Rob Marshall chooses style over substance

Nine
Image Courtesy of IMPawards.com

Director: Rob Marshall
Notable Cast:
Daniel Day-Lewis, Kate Hudson, Sophia Loren, Fergie, Penelope Cruz, Marion Cotillard, Nicole Kidman, Judi Dench

Guido (Daniel Day-Lewis) is a famous director who is in a bit of career slump. After making a number of hits, he’s had a string of flops and is looking to redeem himself. But he has a bit of problem: writer’s block. Extremely close to shooting, there is no script and Guido has no idea what he’s going to do. On top of this he has to deal with his wife (Marion Cotillard), his mistress (Penelope Cruz), his mother (Sophia Loren) and his muse (Nicole Kidman), all with their own individual problems.

Nine, the year’s big song and dance film, is proof that Rob Marshall has the ability to harness the musical in a way that hasn’t been seen since the genre’s heyday. Marshall, no stranger to the musical itself with an armful of Tony nominations to go with a Best Director nomination for Chicago, is able to take the source material and give it a life that mimics the sort of experience one gets from a play. There’s an organic chemistry to it that gives it more life, as opposed to the artificial nature of Mamma Mia! and the ilk.

A musical version of Fellini’s 8 ½, Nine is Marshall’s latest cinematic musical and every bit the equal of Chicago but with a significantly more impressive cast. But with such a loaded cast of women, it’s the film’s prominent male that steals the show.

Daniel Day-Lewis, with two Oscars already, has his pick of roles available to him so it’s interesting to see him singing and dancing throughout the film. And he’s not as awful as Johnny Depp was in Sweeney Todd, as Lewis holds his own. He does a great job, carrying a tune admirably. In the handful of actors one could call the best of their generation Lewis does something remarkable; he adds a different dimension to his repertoire. He shines in the dramatic moments, giving the film a heft it doesn’t have, and continues through with the singing scenes.

The problem begins with the female cast in the film. Or, rather, the fact that there’s so many high profile actresses in it that the film is padded to give everyone enough time to justify their billing (and salary, perhaps). A number of musical pieces not present in the original musical have been added, most notably the one involving Kate Hudson (who displays some powerful singing pipes), but what should be a sleek musical feels bloated because there are so many names in it. Marion Cotillard, given the most screen time, shines as her chemistry with Lewis is palpable.

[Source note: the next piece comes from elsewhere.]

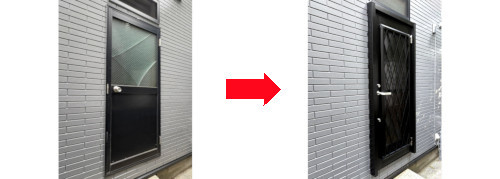 勝手口のドアの交換工事をさせていただきました。今回選ばれた、LIXILリシェント 勝手口ドア C型は、鍵が2か所あるツーロック仕様で、鎌付きデッドボルトで防犯対策も万全なので、安心してお過ごしになれると思います。

There’s a greater story to be told about commercialism and the nature of the artist, the main theme behind 8 ½, that the musical attempts to tackle but doesn’t fully accomplish. In an attempt to be more musically inclined and focus on the story of a man caught between many women, Marshall loses focus in a way he didn’t on Chicago. With all of the big numbers and set pieces, Marshall’s ability to deliver a spectacular musical number is still unchallenged but his ability to tell a story around is underwhelming. There’s a larger theme about art and success, whether or not having a hit film is more important then having a good one, that are largely ignored because of its need to be a musical as opposed to a film with big musical numbers in it.

It’s a shame because in doing so Marshall makes this a film about the women in Guido’s life. This is Guido’s story and Marshall neglects it because he has so many big time stars to use in their own musical numbers. Nine gets bogged down by them, taking prime material and leaving it with its potential unfulfilled.